What If You Have Medicare or Medicaid?

Medicare Part B covers outpatient mental health services, including therapy with psychologists, clinical social workers, and other licensed providers. After meeting the Part B deductible, you pay 20% of the Medicare-approved amount for each session with no annual cap on the number of visits. Your therapist must accept Medicare assignment for this pricing to apply.

Medicaid coverage for therapy varies by state, but all state Medicaid programs cover some form of mental health treatment. If you have Medicaid, contact your plan directly or visit your state’s Medicaid website to find covered providers in your area. Many Medicaid plans have no copay for therapy, or charge only a nominal amount.

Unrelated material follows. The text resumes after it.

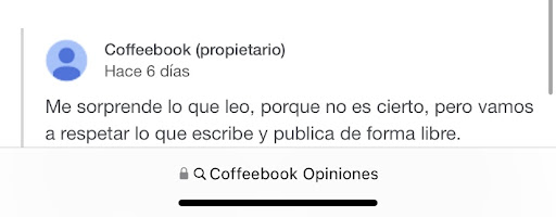 Hacia algunas semanas que iba a comprar temprano en la mañana sobre las 8 unos cafés o manzanillas a este lugar, en uno de los días compré pero volví a pedir una manzanilla, tenía prisa y le dije al camarero que me iba que no la quería porque no podía esperar por ella ya que había gente delante, lo normal cuando no puedes esperarte. Hoy día Martes 13 de agosto vuelvo a esta cafetería a comprar los cafés, y la mujer que por lo visto es la dueña o la encargada me dice que porque no me lleve la manzanilla? Que porque le deje la comanda abierta, yo me quedé en shock porque nunca en mi vida me había pasado algo así ni lo había oído nunca, que en una cafetería te llamen la atención por no haberte llevado algo que al final no pudistes y que sin habértelo puesto todavía le dijistes que no podías esperar por ello que lo dejará. Esta mujer se puso energumena, maleducada y déspota diciéndome que le dejé la comanda abierta, donde se ha visto eso??? Me dijo que no volviera la muy malcriada, que no se preocupe que esa cafetería no la vuelvo a pisar más nunca. Donde se a visto tanta DESFACHATEZ humana!!!!!!!!!! No se si es la dueña o la encargada la que me ha contestado a la reseña que he puesto a esta cafetería, sin ninguna razón. NUNCA he visto lo que alli me pasó que te digan que porque les dejastes una comanda que todavía ni siquiera estaba puesta y a la que le dije que la dejara por RAZONES de trabajo esa ser que está allí de encargado o dueña fuera tan PÉSIMA, poco EMPÁTICA, MALEDUCADA, PREPOTENTE, ETC.... DONDE SE HA VISTO QUE EN UNA CAFETERÍA TE DIGAN TODO LO QUE ESTA SER ME DIJO POR NO LLEVARME LA MANZANILLA VARIOS DÍAS DESPUÉS! ESPERO ALGÚN DÍA TE HAGAN LO MISMO!!!! Y ENCIMA TIENE LA PERSONA QUE ESCRIBIÓ LA CONTESTACIÓN DECIRME QUE LE APENA ESTO, TIENE MUY POCA VERGÜENZA!!! Y ENCIMA MINTIENDO, LO NORMAL PORQUE NO LE INTERESA!!! Que quede claro que yo nunca he llamado a este negocio y sí es así que me denuncie, llamé a la policía local porque le pedí la hoja de reclamaciones y no me la quería dar!!! Y cuando pongo una reclamación por aquí es porque se la merecen y he puesto muy poquitas!!! Y LA QUE LE HE PUESTO SE...

If Your Insurance Doesn’t Cover Enough

If your plan has a high deductible or doesn’t cover the type of therapy you need, you still have options. Many therapists offer sliding-scale fees based on income, reducing their rate for clients who would otherwise struggle to afford care. Community mental health centers provide therapy at reduced costs or on a sliding scale regardless of insurance status. Online therapy platforms sometimes offer lower session rates than traditional in-office visits, and some have subscription models that work out cheaper than paying per session with a high copay.

You can also ask your therapist about using your insurance for some sessions and paying out of pocket for others, though this arrangement has limitations depending on your plan’s rules. If cost is a barrier, being upfront with a therapist’s office about your budget often opens doors to arrangements that aren’t listed publicly.